McCain wrote a measured heartfelt op-ed for the Washington Post this morning and then delivered a passionate anti-torture and anti-torture-propaganda speech on the floor of the senate this afternoon.
From the op-ed:
I asked CIA Director Leon Panetta for the facts, and he told me the following: The trail to bin Laden did not begin with a disclosure from Khalid Sheik Mohammed, who was waterboarded 183 times. The first mention of Abu Ahmed al-Kuwaiti — the nickname of the al-Qaeda courier who ultimately led us to bin Laden — as well as a description of him as an important member of al-Qaeda, came from a detainee held in another country, who we believe was not tortured. None of the three detainees who were waterboarded provided Abu Ahmed’s real name, his whereabouts or an accurate description of his role in al-Qaeda.
In fact, the use of “enhanced interrogation techniques” on Khalid Sheik Mohammed produced false and misleading information.
As we debate how the United States can best influence the course of the Arab Spring, can’t we all agree that the most obvious thing we can do is stand as an example of a nation that holds an individual’s human rights as superior to the will of the majority or the wishes of government? Individuals might forfeit their life as punishment for breaking laws, but even then, as recognized in our Constitution’s prohibition of cruel and unusual punishment, they are still entitled to respect for their basic human dignity, even if they have denied that respect to others.
All of these arguments have the force of right, but they are beside the most important point. Ultimately, this is more than a utilitarian debate. This is a moral debate. It is about who we are.

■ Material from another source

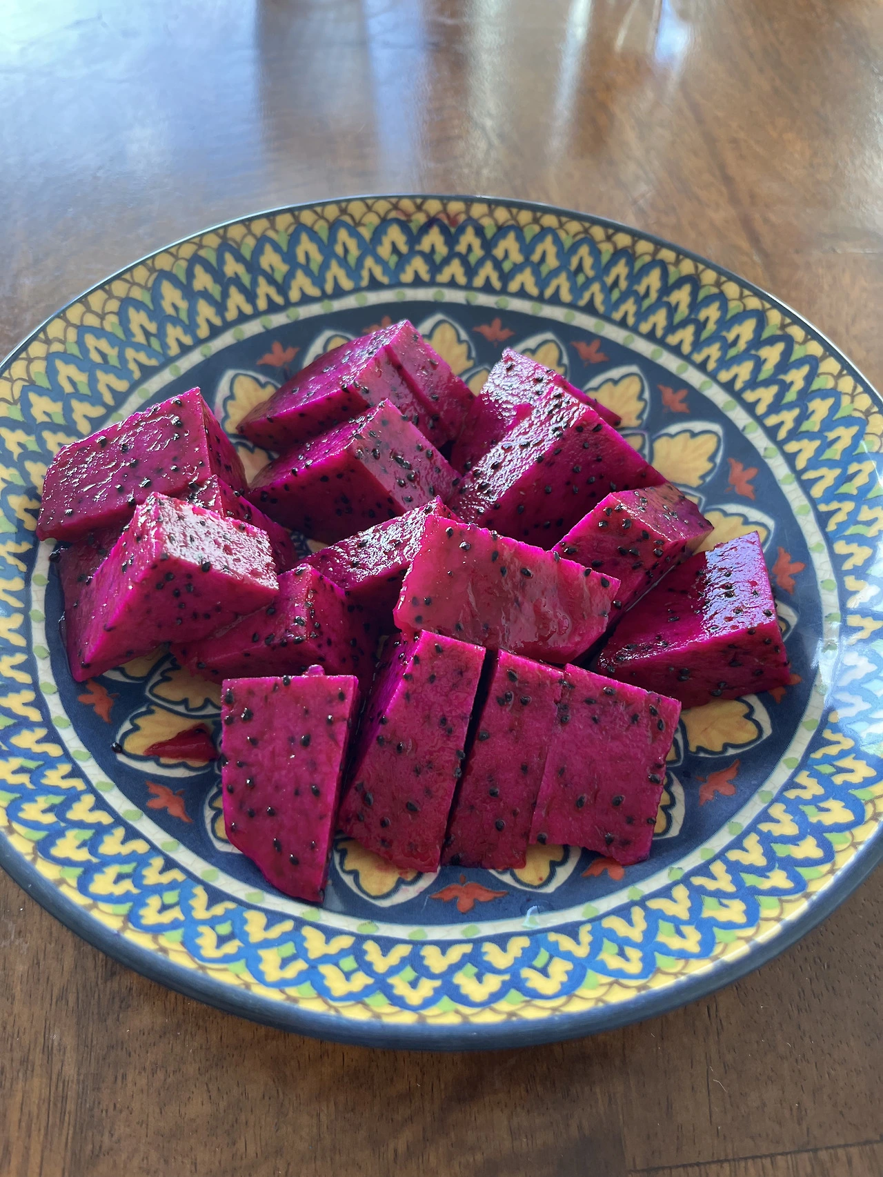 과일의 종류도 다양하다. 가끔은 CFO인 John 아저씨가 '함 잡숴봐'라는 눈빛으로 용과를 가져다주신다. 집에서 잘라보니 난생처음 본 빨간색 용과다. 집 뒤 뜰에 용과나무가 있어서, 열매가 열리면 따다가 박스채로 회사 탕비실에 가져다 놓으신다. 이거슨 뭐랄까 직원 복지에 유기농 과일이 포함되어 있는 느낌 >.<
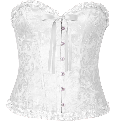Mooi stevig korset in het wit met een subtiel barok patroon. Het witte korset sluit aan de voorkant met zilveren haakjes en aan de achterkant is het korset nog te verstellen met een lange veter. Ook heeft het aan de voorkant nog een dubbele veter die voor de sier extra geknoopt kan worden. Het korset is gemaakt van satijn lijkende stof en gevoerd met een zacht materiaal voor een comfortabele fit. Het korset heeft een stevige belijning waardoor hij goed blijft zitten. Fantastisch voor een piraten outfit, een middeleeuws kostuum, een burlesque party, Steampunk verkleedfeest, een gothic look en ga zo maar door. Een goed korset mag bijna niet ontbreken in een goede verkleedkist.

I don’t mourn the loss of any terrorist’s life. What I do mourn is what we lose when by official policy or official neglect we confuse or encourage those who fight this war for us to forget that best sense of ourselves. Through the violence, chaos and heartache of war, through deprivation and cruelty and loss, we are always Americans, and different, stronger and better than those who would destroy us.
From Capitol Hill (he gets going at around the 5:40 mark):
McCain may be derided by the tea party right for what has been characterized as his tepid conservativism but he speaks with authority on torture and he has better access to information about the mission to kill bin Laden and the interrogations of captured members of al Qaida than do Fox News talking heads and the bloggers at RedState.